As a physician and researcher, I have worked in this space for many years. I have witnessed firsthand the life-altering power of preexisting ideas, judgments, and stereotypes. I have seen how unfounded, negative ideas are woven through virtually every interaction that those struggling with weight loss endure when seeking help.

And there are tens of millions of them. The Centers for Disease Control and Prevention classifies more than 70% of U.S. adults as overweight, and more than 40% as obese. Those numbers continue to climb, and even when some manage to lose weight, they almost always gain it back over time.

Rash Judgments

To illustrate, imagine that I am your doctor. You have a body rash (which represents the condition of being overweight or obese), and you make an appointment with me to discuss a treatment plan.

During your visit, my office staff uses stigmatizing language and nonverbal signals that make it clear we are annoyed at the idea of dealing with another rash person. We invoke a set of assumptions that dictate the tone of our relationship, including the notions that you are lazy or ignorant or both. You will sense my disgust, which will make you uncomfortable.

Unfortunately, health care providers commonly treat patients who struggle with weight loss by assigning stereotypes, snap judgments, and ingrained negative attributes – including laziness, noncompliance, weakness, and dishonesty.

After this uncomfortable exchange, I will prescribe a treatment program for your rash and explain that it’s quite straightforward and easy to use. I will point you to several resources with pictures of smiling people with beautiful skin who never had a rash to emphasize how wonderful your outcome will be. “It’s just a matter of sticking to it,” I will say.

Back at home, you are excited to start treatment. However, you quickly realize that putting on the cream is unbearable. It burns; your arms and legs feel like they’re on fire shortly after you apply the treatment. You shower and wash off the cream.

A Dismal Conversation

After a few days, you try again. Same result. Your body will not accept the cream without intolerable burning and itching.
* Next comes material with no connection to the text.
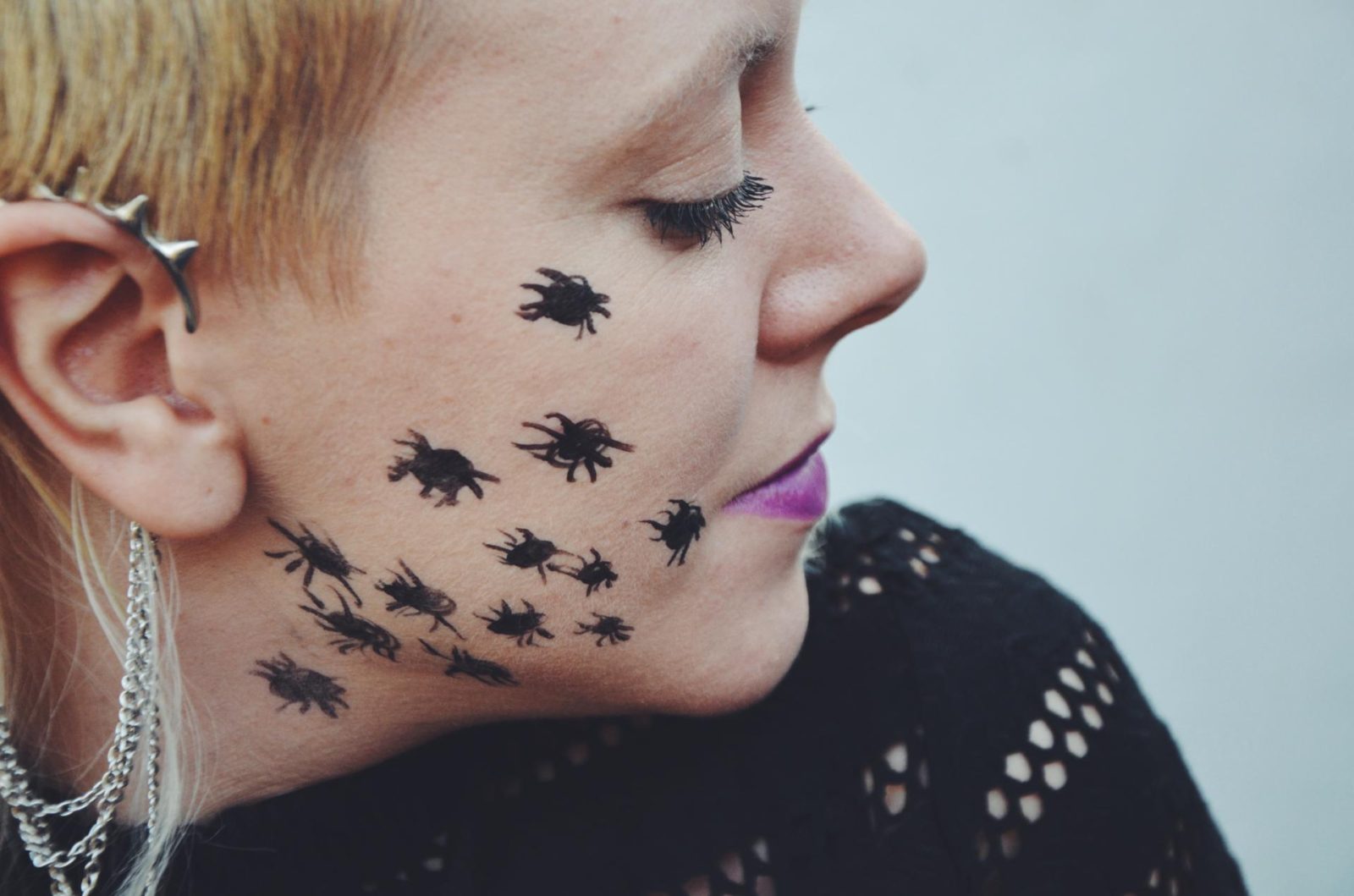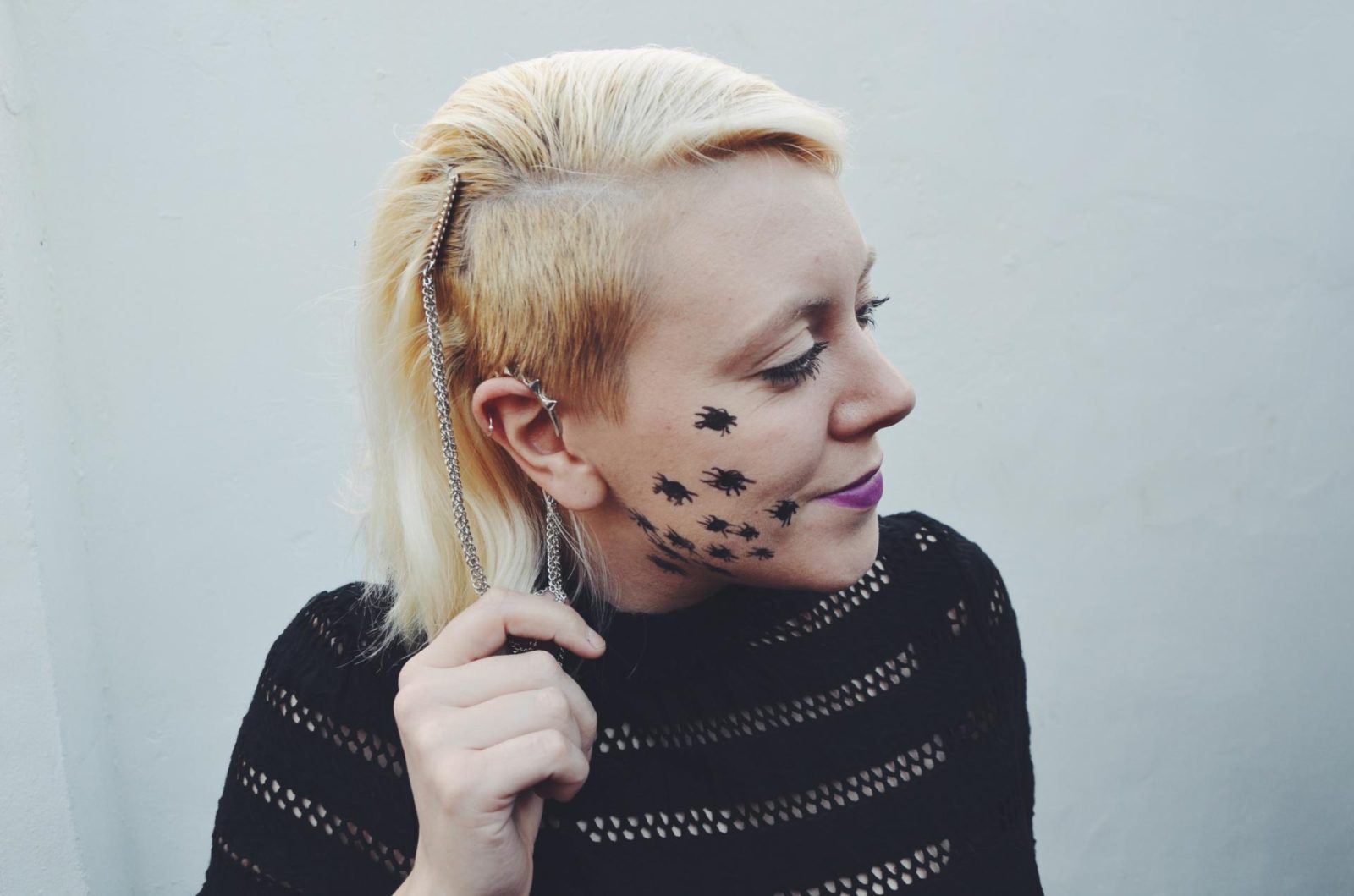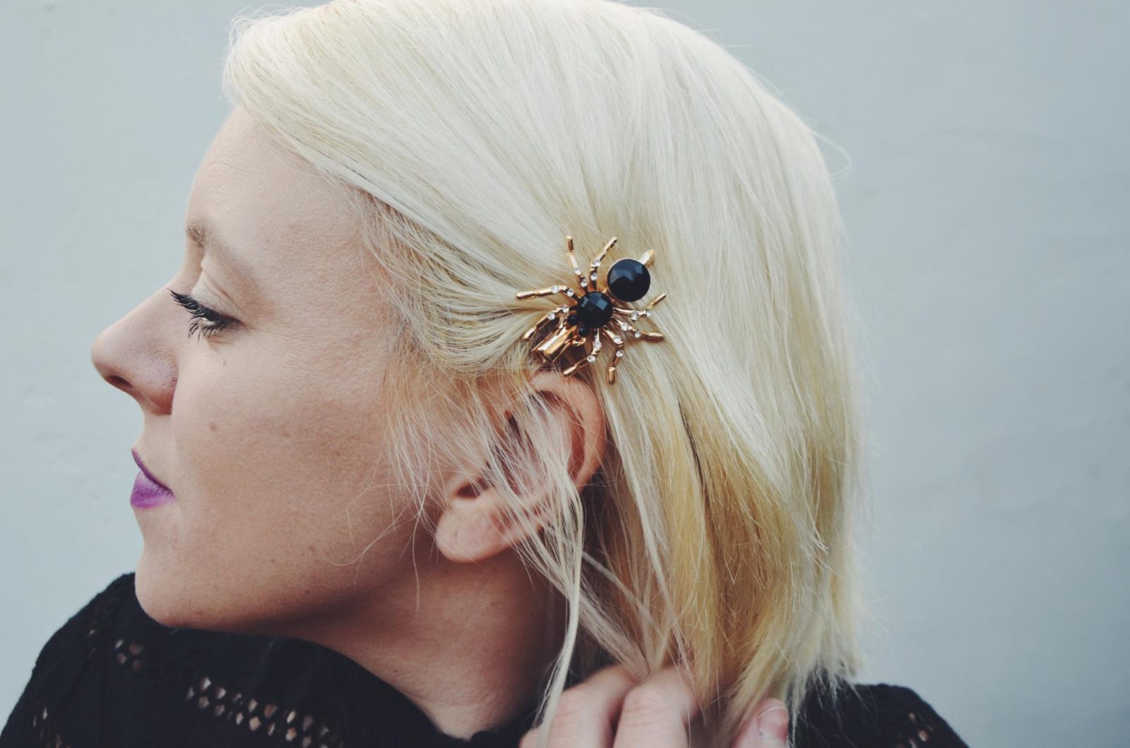 For my hair I wanted to keep it simply and try out this great ear cuff and clip from Toni and Guy which just looks amazing! It instantly gives my halloween look a punk-injection and I just had to include this gold and black Spider hair slide too which really inspired my look.

You return to my office, and we have the following conversation:

You: Doctor, I cannot stick to this plan. My body cannot tolerate the cream.

Me: This is exactly why doctors do not want to deal with rash people. I’m giving you the treatment and you won’t stick to it. I put the cream on myself every morning without an issue.

You: But you don’t have a rash! Putting this cream on when you have a rash is different than putting it on clear skin. I do want to get rid of my rash, but I cannot tolerate this cream.

Me: If you don’t want to follow the treatment, that’s up to you. But it’s not the cream that needs changing. It is your attitude toward sticking with it.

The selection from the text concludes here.